U.S. information war on BRI continues despite 'phase one' trade deal
Andrew Korybko

Editor's Note: Andrew Korybko is a Moscow-based American political analyst. The article reflects the author's opinions and not necessarily the views of CGTN.

The decision to implement what is popularly being described as "phase one" of a more comprehensive China-U.S. trade deal was met with applause by the international community because it was widely believed to signal the beginning of the end of their trade war. Recent comments by a high-ranking American official, however, suggest that his country's information warfare against the global economic interests of China won't end anytime soon.

Adam Boehler is the chief executive of the recently created "U.S. International Development Finance Corporation" (DFC) that was established following the passage of the "Better Utilization of Investments Leading to Development" (BUILD) Act last year. His organization came about following the merger of the"Development Credit Authority" (DCA) with the "Overseas Private Investment Corporation" (OPIC) and is thought by some to be an asymmetrical response to China's Belt and Road Initiative (BRI).

Although Boehler claimed in an interview with Financial Times earlier this week that the DFC "is not a reaction to China," it's difficult to believe him after what else he said about the BRI. The outlet reported that he called China's international investments "100 percent like a House of Cards because of debt overload, poor infrastructure, bribes and lack of transparency," which led him to predict that "it's only a matter of time" before it collapses. "When it does," he said, "we have to be there as an alternative".

By "we," it's inferred that he means the DFC and its U.S. government patron. This is also self-evident when he later added that "the answer to Huawei is not 'don't buy Huawei and that's it.' You need an effective and credible alternative," which is why the DFC plans to focus some of its foreign investments in this sphere. Boehler also described Chinese investment as a "drug," but claimed he "thinks that people are pretty circumspect about it nowadays."

All of those aggressive comments contradict the spirit of "phase one" and prove that the DFC is indeed envisaged by its chief executive as a so-called "alternative" to the BRI. Boehler is waging a information warfare against Chinese investments in the hopes that his fearmongering campaign can convince some of Beijing's partners to team up with the DFC at BRI's expense.

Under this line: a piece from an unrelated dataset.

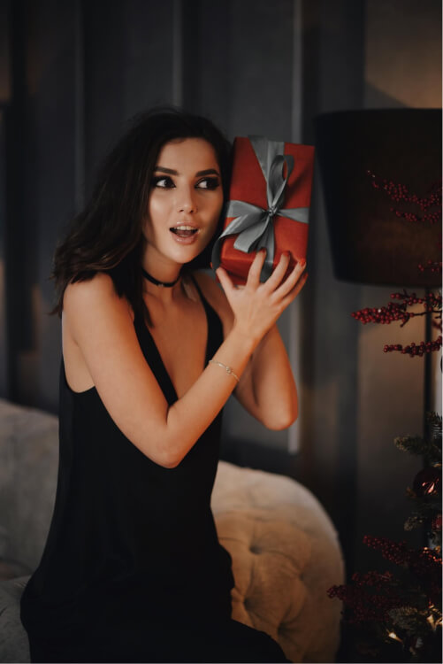 Вибираємо найкрасивішу сукню, вмикаємо мерехтливі вогники на ялинці, наливаємо ігристе в келих і щиро посміхаємося, — от і весь рецепт вдалих кадрів!

All countries have the right to choose their economic partners, but he seems to want them to pick the DFC after distancing themselves from BRI first.

Chinese Vice Premier Liu He (C) talks to U.S. trade representative Robert Lighthizer (L) and U.S. Treasury Secretary Steven Mnuchin (R) before a meeting at the Office of the U.S. Trade Representative in Washington, DC, October 11, 2019. /Xinhua Photo

Chinese Vice Premier Liu He (C) talks to U.S. trade representative Robert Lighthizer (L) and U.S. Treasury Secretary Steven Mnuchin (R) before a meeting at the Office of the U.S. Trade Representative in Washington, DC, October 11, 2019. /Xinhua Photo

With this understanding of his thinly concealed intent, it can be said that "phase one" of the trade deal is akin to a modern-day manifestation of the Cold War era period of detente between the U.S. and USSR. Both sides wanted to de-escalate their previously intense competition, though their rivalry never truly went away during that time. In the present, it's becoming clear that Trump doesn't want to risk the consequences of the trade war harming his re-election prospects, though he also doesn't want a full rapprochement with China either.

"Phase one" and whatever might be agreed to after it are therefore conceived by Trump as pressure valves for mitigating the domestic political consequences of the U.S.'s recently intensified economic competition with China. They aren't, however, meant to function as an end to that aforesaid competition. Rather, Boehler has shown that the U.S. will continue waging information warfare on China's global economic interests in spite of their nascent detente, though this subversive strategy won't succeed.

BRI is already truly global in scope with over 150 participating countries, all of which are closely tied to China through a system of complex economic interdependence. Actions speak louder than words, and no self-interested fearmongering by a third party will succeed in convincing any country to sacrifice their mutually beneficial trade ties with China. The only foreseeable outcome of this information warfare campaign is that the U.S. believes its own rhetoric and continues to delude itself, which would then be solely to its own detriment.